Work to be completed:
Your transcription must include every record word for word and no pictures.

—————

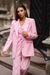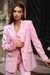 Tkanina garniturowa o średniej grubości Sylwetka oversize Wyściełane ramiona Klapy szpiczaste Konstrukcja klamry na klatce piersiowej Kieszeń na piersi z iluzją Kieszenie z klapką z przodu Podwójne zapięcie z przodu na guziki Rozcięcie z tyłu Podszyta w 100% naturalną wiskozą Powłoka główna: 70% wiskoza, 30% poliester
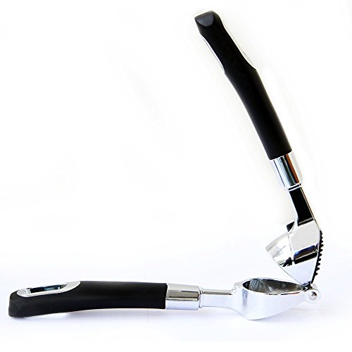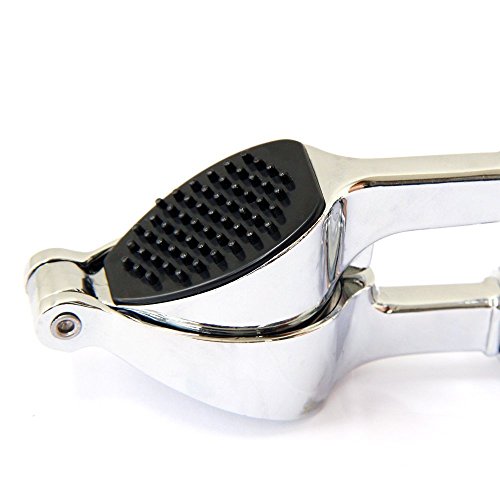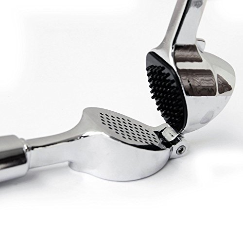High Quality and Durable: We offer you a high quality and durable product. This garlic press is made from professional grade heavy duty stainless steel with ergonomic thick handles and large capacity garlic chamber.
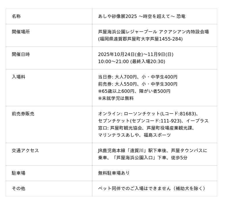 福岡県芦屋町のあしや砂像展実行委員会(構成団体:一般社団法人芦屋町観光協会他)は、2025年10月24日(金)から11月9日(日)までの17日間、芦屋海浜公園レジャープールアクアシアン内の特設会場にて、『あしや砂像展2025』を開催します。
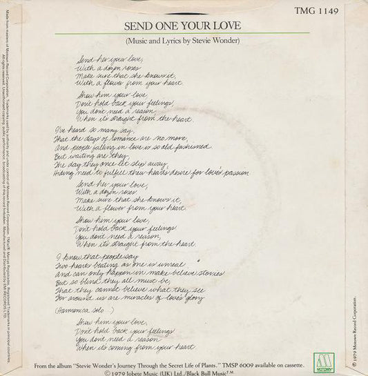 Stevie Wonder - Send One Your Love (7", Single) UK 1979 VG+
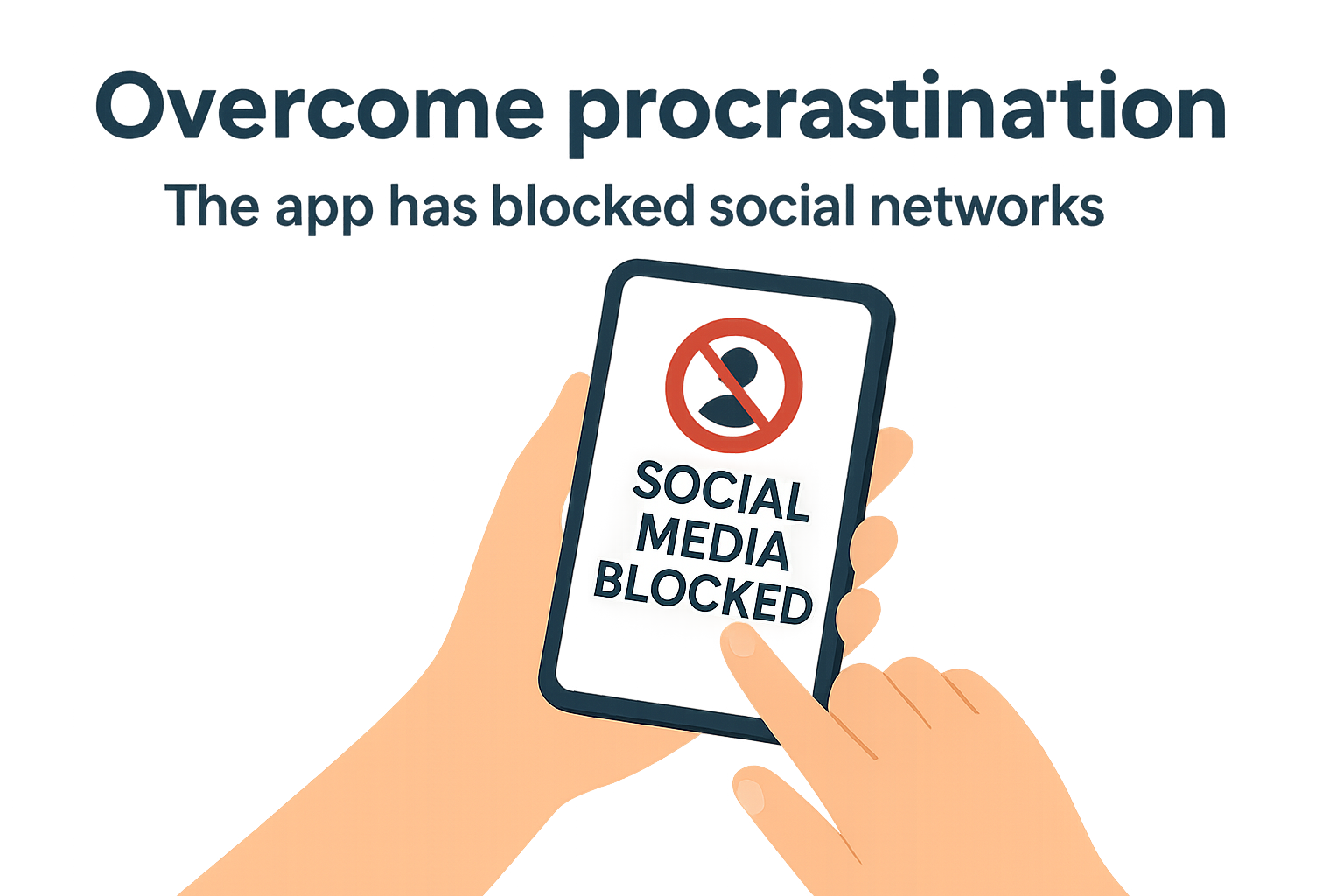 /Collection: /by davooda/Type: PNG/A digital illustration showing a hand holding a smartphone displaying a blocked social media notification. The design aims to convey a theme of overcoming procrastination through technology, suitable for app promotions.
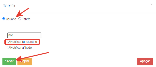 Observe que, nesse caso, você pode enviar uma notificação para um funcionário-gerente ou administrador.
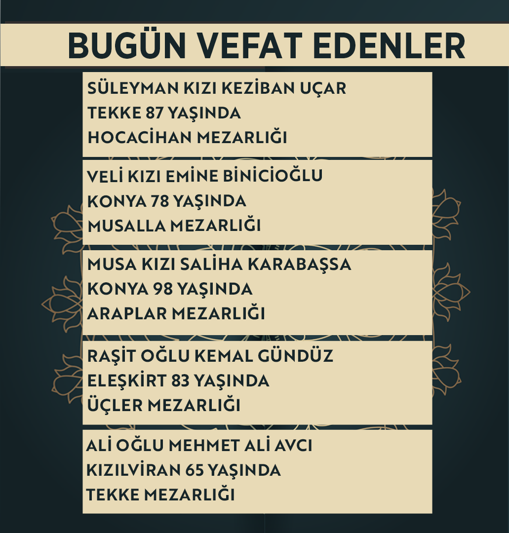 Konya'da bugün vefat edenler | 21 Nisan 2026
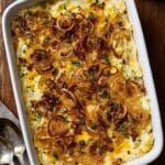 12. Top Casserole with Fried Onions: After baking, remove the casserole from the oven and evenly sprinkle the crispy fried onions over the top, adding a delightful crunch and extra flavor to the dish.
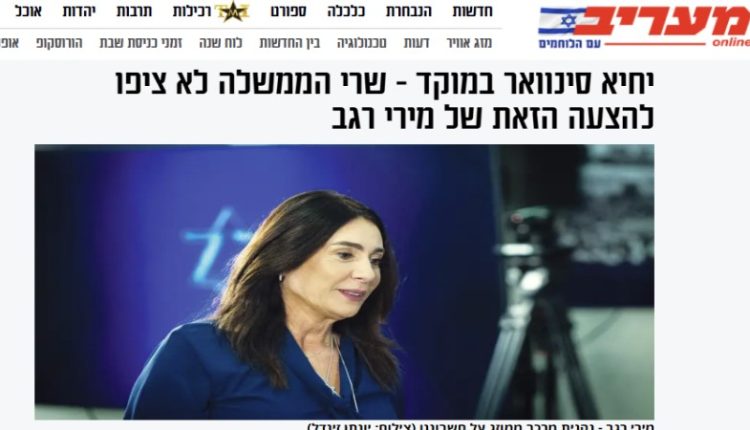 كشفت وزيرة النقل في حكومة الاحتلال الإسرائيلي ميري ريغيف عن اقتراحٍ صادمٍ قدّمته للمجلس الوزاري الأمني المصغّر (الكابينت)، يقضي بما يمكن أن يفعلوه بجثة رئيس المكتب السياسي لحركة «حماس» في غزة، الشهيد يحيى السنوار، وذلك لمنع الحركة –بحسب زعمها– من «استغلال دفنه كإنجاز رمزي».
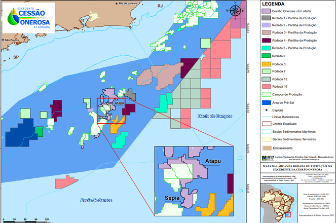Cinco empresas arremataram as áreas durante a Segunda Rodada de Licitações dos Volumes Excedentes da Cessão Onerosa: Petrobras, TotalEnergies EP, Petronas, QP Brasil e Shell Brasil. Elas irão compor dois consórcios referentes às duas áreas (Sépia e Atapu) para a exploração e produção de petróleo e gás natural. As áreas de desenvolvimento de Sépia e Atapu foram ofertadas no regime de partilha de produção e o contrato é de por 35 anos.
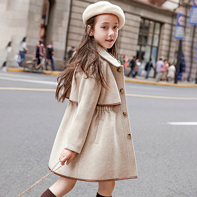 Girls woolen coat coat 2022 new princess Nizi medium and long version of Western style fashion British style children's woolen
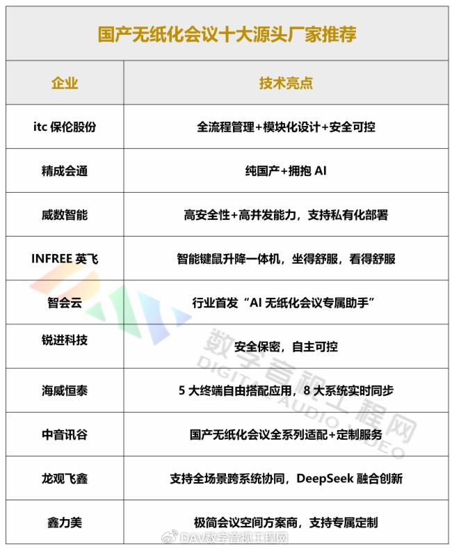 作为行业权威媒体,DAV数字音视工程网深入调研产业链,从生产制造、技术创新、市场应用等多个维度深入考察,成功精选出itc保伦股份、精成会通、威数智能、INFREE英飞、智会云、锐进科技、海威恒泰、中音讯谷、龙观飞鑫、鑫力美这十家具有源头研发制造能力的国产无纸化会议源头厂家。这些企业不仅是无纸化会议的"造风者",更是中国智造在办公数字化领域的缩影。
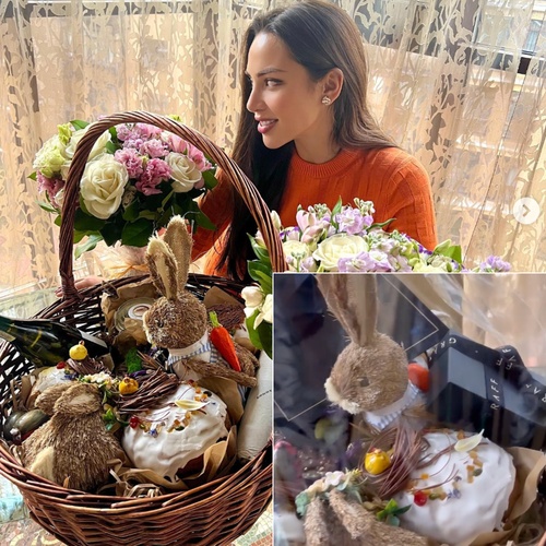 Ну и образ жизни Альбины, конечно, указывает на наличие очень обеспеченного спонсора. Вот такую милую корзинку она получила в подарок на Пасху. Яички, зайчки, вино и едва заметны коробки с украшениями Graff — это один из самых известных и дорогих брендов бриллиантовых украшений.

—————

Result below:
 Tkanina garniturowa o średniej grubości Sylwetka oversize Wyściełane ramiona Klapy szpiczaste Konstrukcja klamry na klatce piersiowej Kieszeń na piersi z iluzją Kieszenie z klapką z przodu Podwójne zapięcie z przodu na guziki Rozcięcie z tyłu Podszyta w 100% naturalną wiskozą Powłoka główna: 70% wiskoza, 30% poliester
High Quality and Durable: We offer you a high quality and durable product. This garlic press is made from professional grade heavy duty stainless steel with ergonomic thick handles and large capacity garlic chamber.
 福岡県芦屋町のあしや砂像展実行委員会(構成団体:一般社団法人芦屋町観光協会他)は、2025年10月24日(金)から11月9日(日)までの17日間、芦屋海浜公園レジャープールアクアシアン内の特設会場にて、『あしや砂像展2025』を開催します。
 Stevie Wonder - Send One Your Love (7", Single) UK 1979 VG+
 /Collection: /by davooda/Type: PNG/A digital illustration showing a hand holding a smartphone displaying a blocked social media notification. The design aims to convey a theme of overcoming procrastination through technology, suitable for app promotions.
 Observe que, nesse caso, você pode enviar uma notificação para um funcionário-gerente ou administrador.
 Konya'da bugün vefat edenler | 21 Nisan 2026
 12. Top Casserole with Fried Onions: After baking, remove the casserole from the oven and evenly sprinkle the crispy fried onions over the top, adding a delightful crunch and extra flavor to the dish.
 كشفت وزيرة النقل في حكومة الاحتلال الإسرائيلي ميري ريغيف عن اقتراحٍ صادمٍ قدّمته للمجلس الوزاري الأمني المصغّر (الكابينت)، يقضي بما يمكن أن يفعلوه بجثة رئيس المكتب السياسي لحركة «حماس» في غزة، الشهيد يحيى السنوار، وذلك لمنع الحركة –بحسب زعمها– من «استغلال دفنه كإنجاز رمزي».
Cinco empresas arremataram as áreas durante a Segunda Rodada de Licitações dos Volumes Excedentes da Cessão Onerosa: Petrobras, TotalEnergies EP, Petronas, QP Brasil e Shell Brasil. Elas irão compor dois consórcios referentes às duas áreas (Sépia e Atapu) para a exploração e produção de petróleo e gás natural. As áreas de desenvolvimento de Sépia e Atapu foram ofertadas no regime de partilha de produção e o contrato é de por 35 anos.
 Girls woolen coat coat 2022 new princess Nizi medium and long version of Western style fashion British style children's woolen
 作为行业权威媒体,DAV数字音视工程网深入调研产业链,从生产制造、技术创新、市场应用等多个维度深入考察,成功精选出itc保伦股份、精成会通、威数智能、INFREE英飞、智会云、锐进科技、海威恒泰、中音讯谷、龙观飞鑫、鑫力美这十家具有源头研发制造能力的国产无纸化会议源头厂家。这些企业不仅是无纸化会议的"造风者",更是中国智造在办公数字化领域的缩影。
 Ну и образ жизни Альбины, конечно, указывает на наличие очень обеспеченного спонсора. Вот такую милую корзинку она получила в подарок на Пасху. Яички, зайчки, вино и едва заметны коробки с украшениями Graff — это один из самых известных и дорогих брендов бриллиантовых украшений.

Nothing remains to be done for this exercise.